Instructions to follow> Leaving out all pictures, return exactly the lines from the one that contains "e metal dourado" through the end of the data below.

+++ Data to process +++

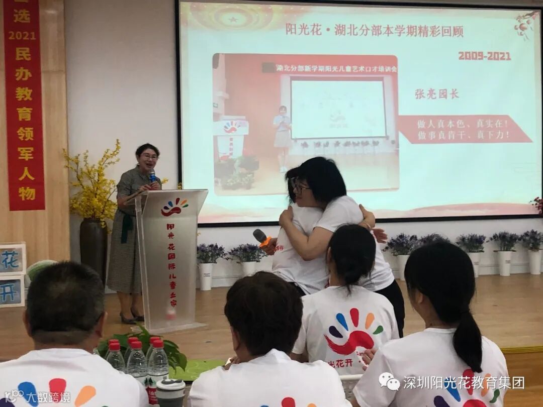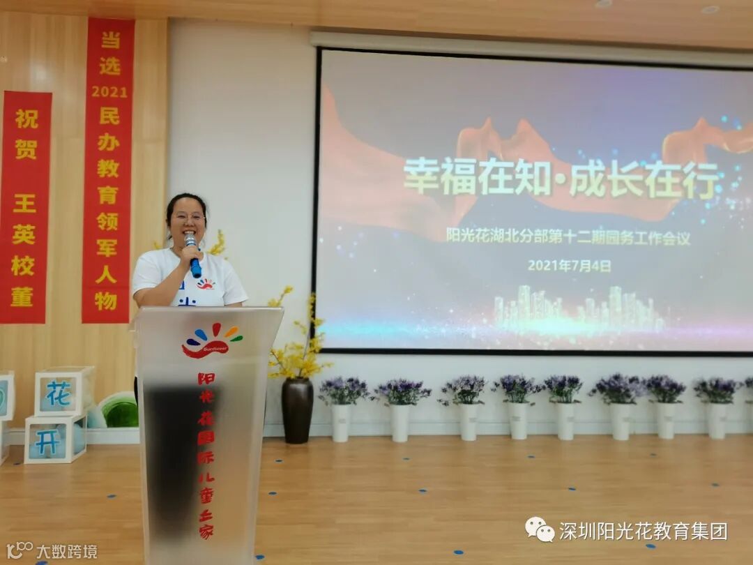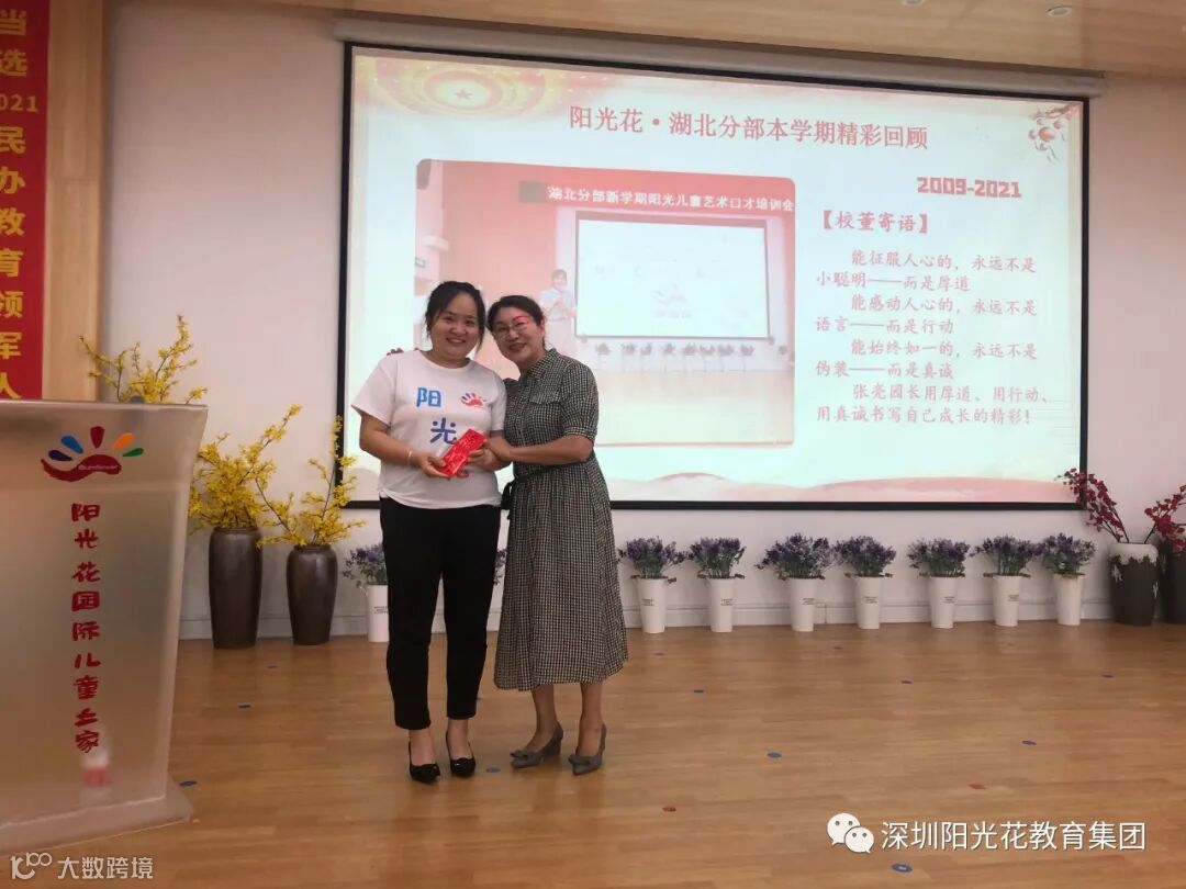 王英校董本次重要讲话中,对湖北分部刘璐园长和张亮园长进行了表彰,感谢她们为阳光花湖北分部行政工作的发展和不断开拓所做出的贡献。
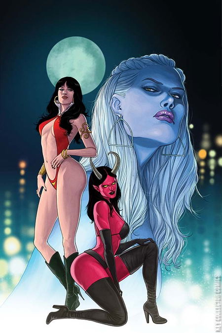 So yeah. Vampirella and Purgatori. Vampi, the Vampiri with a conscience and Tori, the lady-shaped creature who eats conscience. Working together? Not really. Working towards a common goal, while considering tearing each other's throats out, more like! And that common goal is to stop Lilith and her near-infinite minions from having their rough, rude way with the entire human race. The stakes are big enough... and sharp enough. Everybody's in... it's time to ante up.
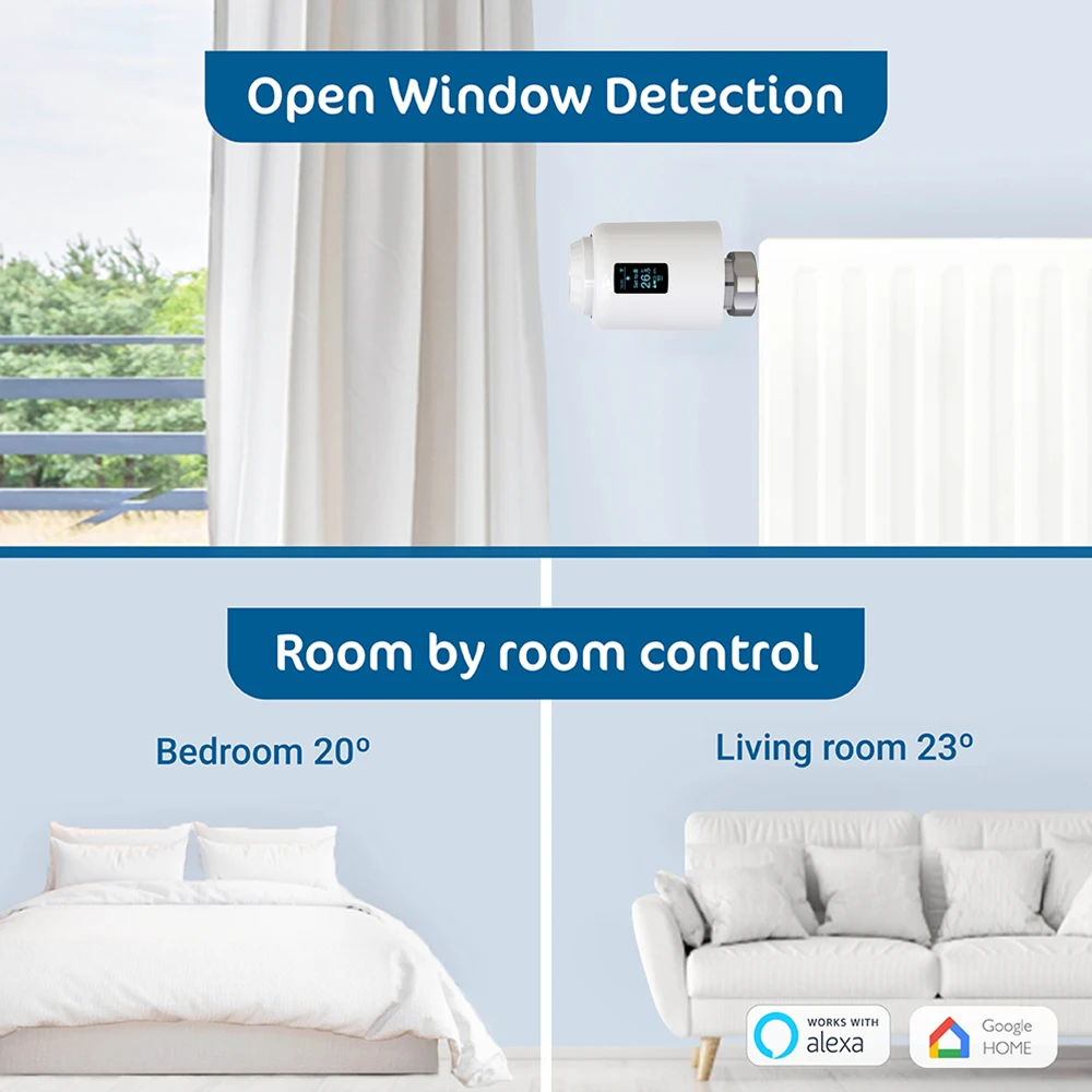 Когда температура в помещении быстро опускается в темп. Порог, клапан закроется в течение 15 минут. После этого, если температура в комнате. Все еще ниже температуры. Порог, он будет держать этот режим. Кроме того, легко считывать цифровой дисплей с температурой Цельсия.
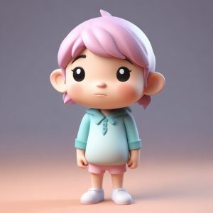 A full body cute chibi basketball player, mid-air (not standing), performing a perfect dunk, showing an intense and focused expression. This 3D render is characterized by a detailed clay material texture, reminiscent of a blind box collectible. High detail, 8k quality, rendered in C4D and Octane render. Soft studio lighting and ray tracing emphasize the pastel colors of the jersey. Background: solid color, clean, simple, completely empty, no patterns, No textures.
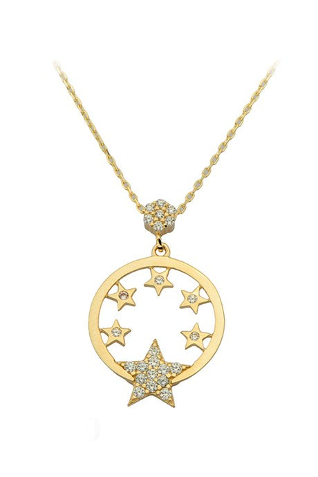 Solid Gold Star Circle Necklace | 14K (585) | 1.92 gr
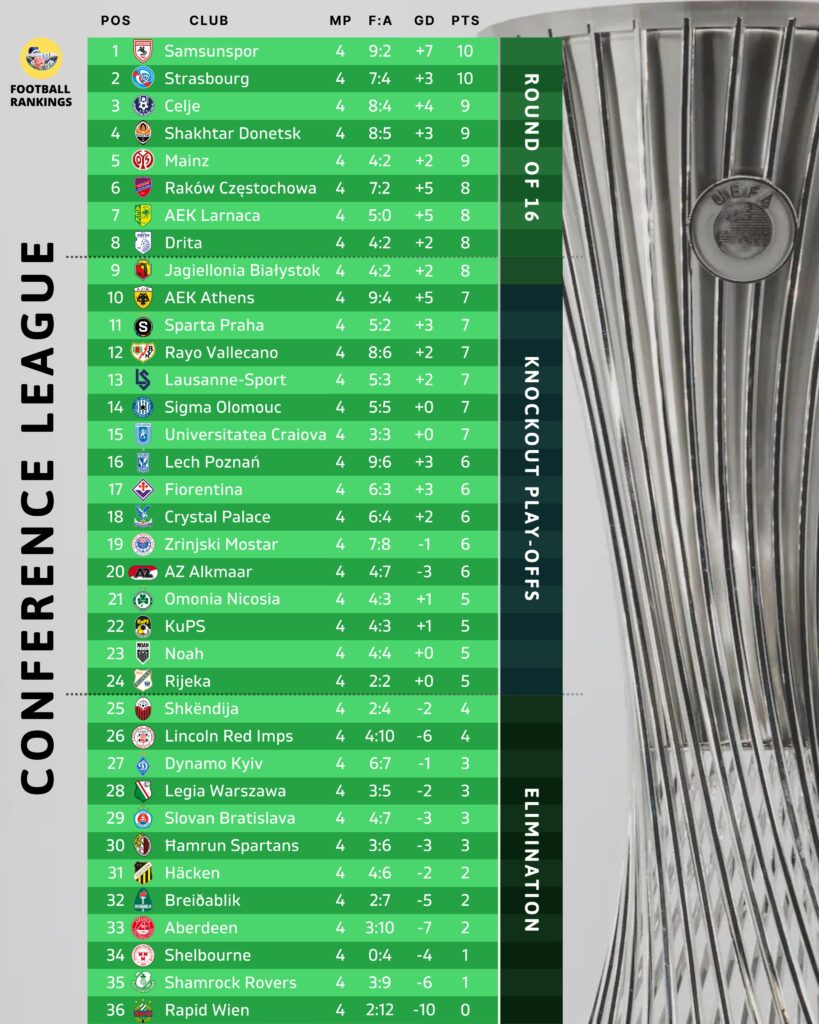 Τα αποτελέσματα της 4ης αγωνιστικής του Κόνφερενς Λιγκ είναι τα κάτωθι:
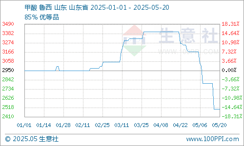 据生意社商品行情分析系统显示:近期国内85%甲酸大幅跳水,截至5月20日,生意社甲酸基准价2500元/吨,5日内下跌10.71%,30日内下跌26.47%。
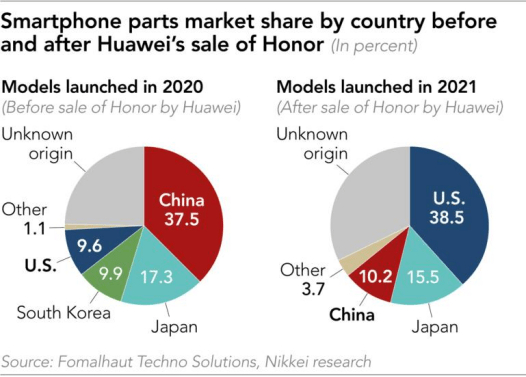 此时,荣耀正逐步摆脱华为的阴霾,依靠开放供应链的技术突围。2022年4月,日经亚洲发布消息称,荣耀手机美系芯片成本占比为39%,对比2020年初增长了29%;国产零部件占比仅为10%,下跌27%。
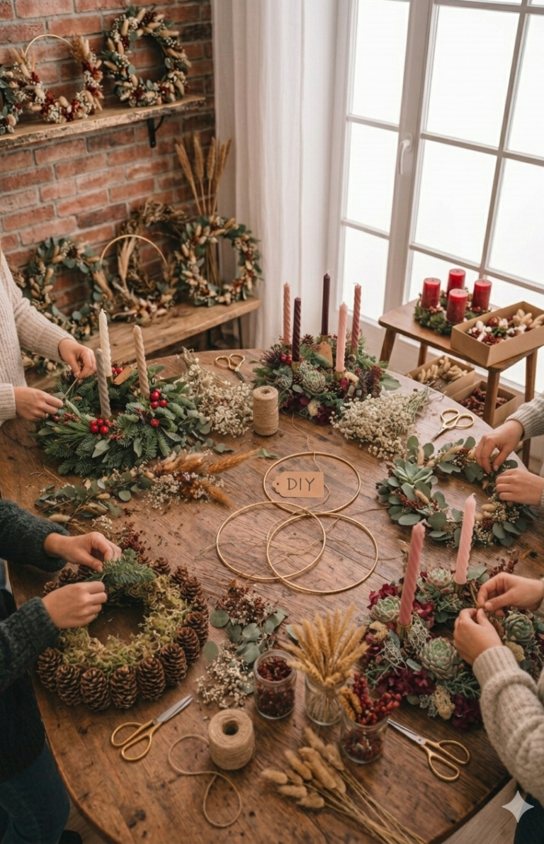 Komm vorbei und gestalte deinen ganz persönlichen Adventskranz oder dein individuelles Gesteck in einer kleinen, gemütlichen Runde. Egal ob natürlich mit viel Eukalyptus, rustikal mit Zapfen oder modern mit Sukkulenten und gedrehten Kerzen – bei uns findest du die Inspiration und alle Materialien, die du für dein Unikat brauchst.
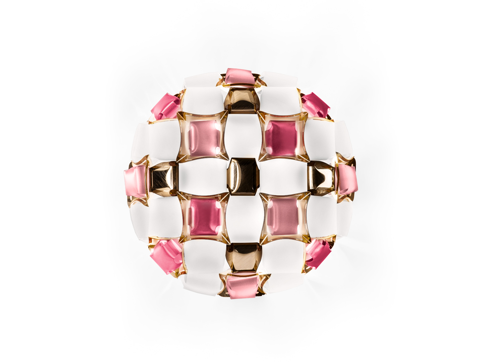 • Pendente decorativo redondo em vidro fosco branco, vidro rosa e metal dourado
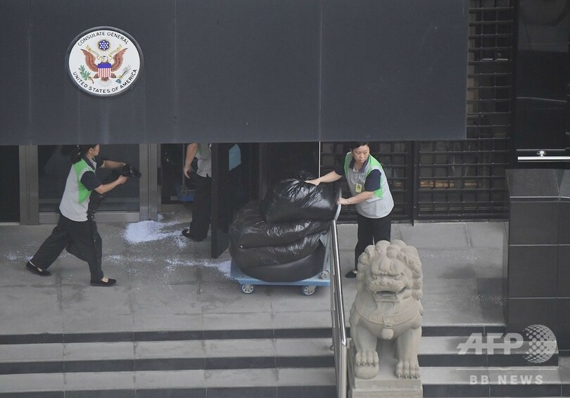 米総領事館職員の成都からの退去期限は不明だが、現地のAFP記者は25日、清掃員らが大きな黒いごみ袋を領事館から台車で運ぶのを目にしている。うち一袋には裂け目があり、中にはシュレッダーにかけられたとみられる紙が入っていた。建物からは同日朝、ごみ袋少なくとも10袋が運び出された。
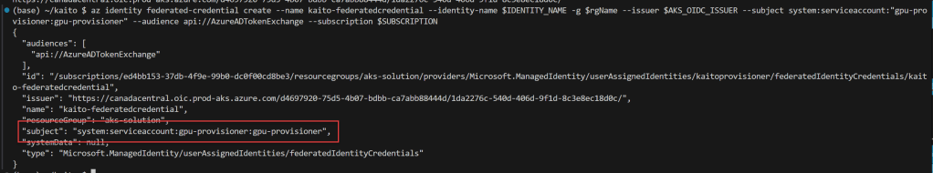 The az identity federated-credential cmd makes reference of the subject to the gpu-provisioner service account created in the previous step.

+++

Task result>
 • Pendente decorativo redondo em vidro fosco branco, vidro rosa e metal dourado
 米総領事館職員の成都からの退去期限は不明だが、現地のAFP記者は25日、清掃員らが大きな黒いごみ袋を領事館から台車で運ぶのを目にしている。うち一袋には裂け目があり、中にはシュレッダーにかけられたとみられる紙が入っていた。建物からは同日朝、ごみ袋少なくとも10袋が運び出された。
 The az identity federated-credential cmd makes reference of the subject to the gpu-provisioner service account created in the previous step.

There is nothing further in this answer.